BEGIN RECORDS FOR PROCESSING

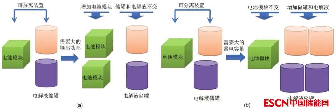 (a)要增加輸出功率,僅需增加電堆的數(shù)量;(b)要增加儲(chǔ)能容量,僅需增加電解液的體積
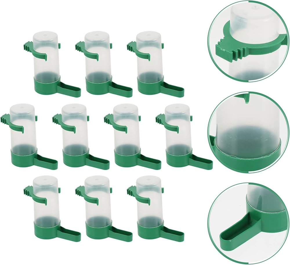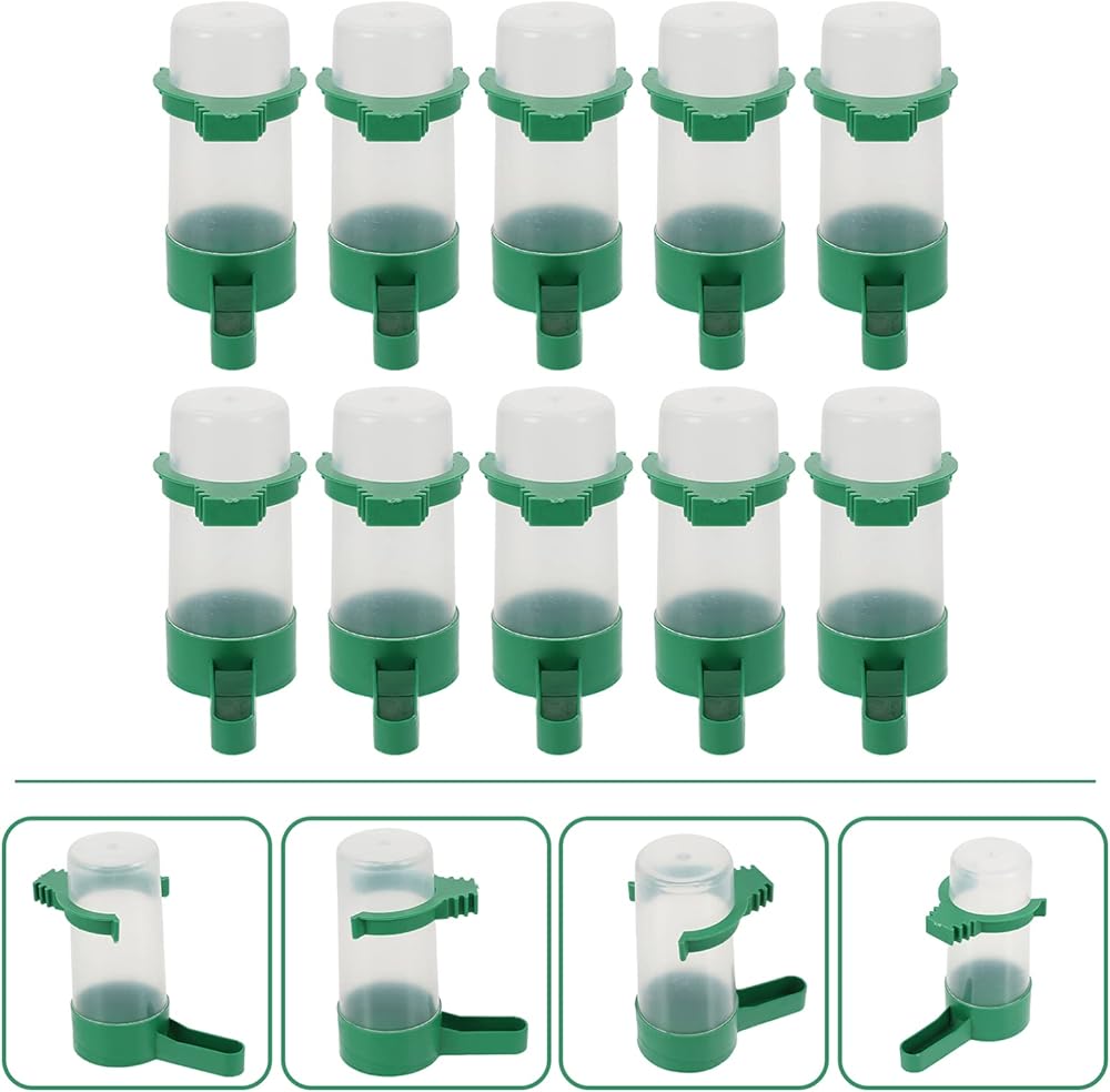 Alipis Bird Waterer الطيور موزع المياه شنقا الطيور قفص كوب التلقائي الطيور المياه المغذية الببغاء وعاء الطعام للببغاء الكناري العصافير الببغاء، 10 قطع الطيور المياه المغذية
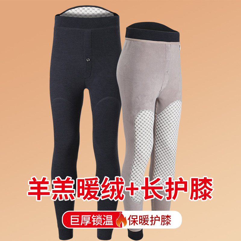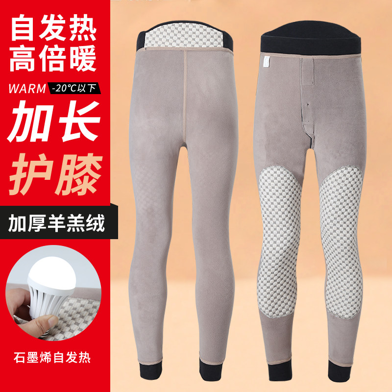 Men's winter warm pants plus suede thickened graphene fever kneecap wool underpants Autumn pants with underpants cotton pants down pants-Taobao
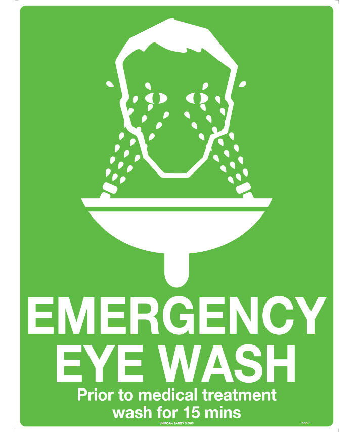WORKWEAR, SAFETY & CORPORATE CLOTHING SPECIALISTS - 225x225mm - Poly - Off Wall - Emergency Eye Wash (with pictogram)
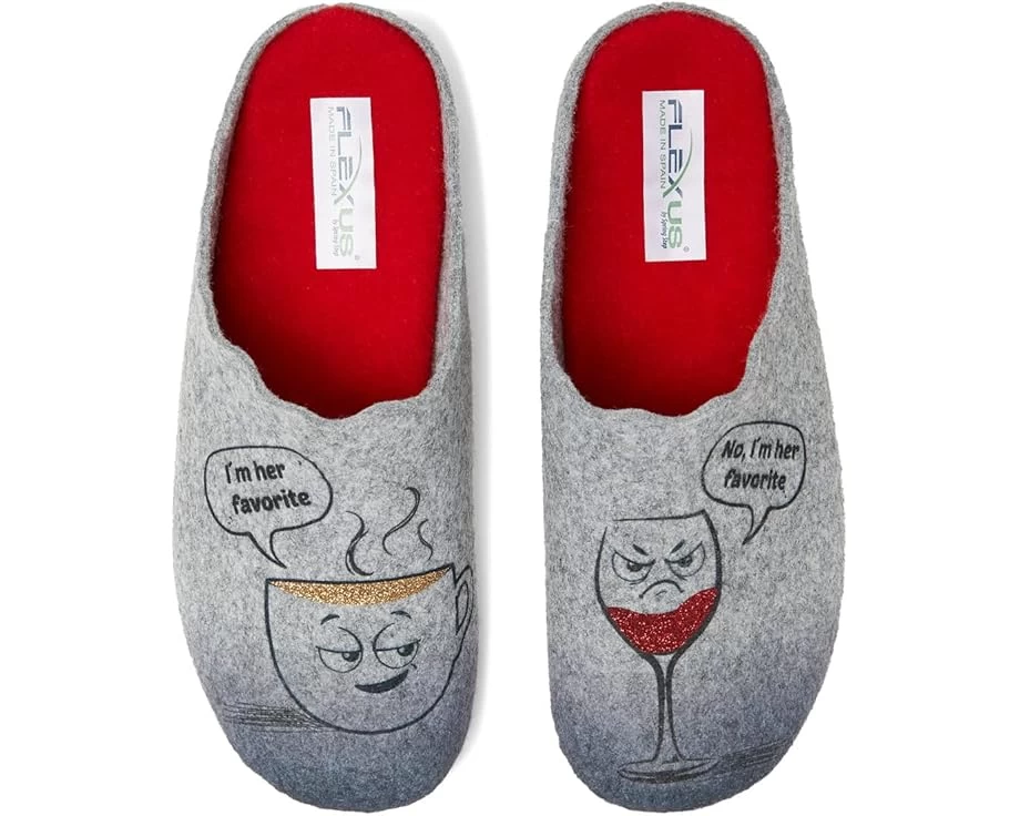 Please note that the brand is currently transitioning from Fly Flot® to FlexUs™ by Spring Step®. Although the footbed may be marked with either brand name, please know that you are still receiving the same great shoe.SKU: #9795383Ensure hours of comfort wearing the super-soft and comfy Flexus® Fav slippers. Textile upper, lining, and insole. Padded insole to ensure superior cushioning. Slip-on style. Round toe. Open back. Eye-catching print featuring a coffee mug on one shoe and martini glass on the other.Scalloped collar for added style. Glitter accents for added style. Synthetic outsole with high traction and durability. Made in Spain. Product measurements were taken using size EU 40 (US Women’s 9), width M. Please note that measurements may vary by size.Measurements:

END RECORDS FOR PROCESSING

TRY IT: Write out word for word the lines above that run from the one with "Men's winter warm" to the one with "WORKWEAR, SAFETY &". Include both end lines; exclude the images.

RESPONSE:
 Men's winter warm pants plus suede thickened graphene fever kneecap wool underpants Autumn pants with underpants cotton pants down pants-Taobao
WORKWEAR, SAFETY & CORPORATE CLOTHING SPECIALISTS - 225x225mm - Poly - Off Wall - Emergency Eye Wash (with pictogram)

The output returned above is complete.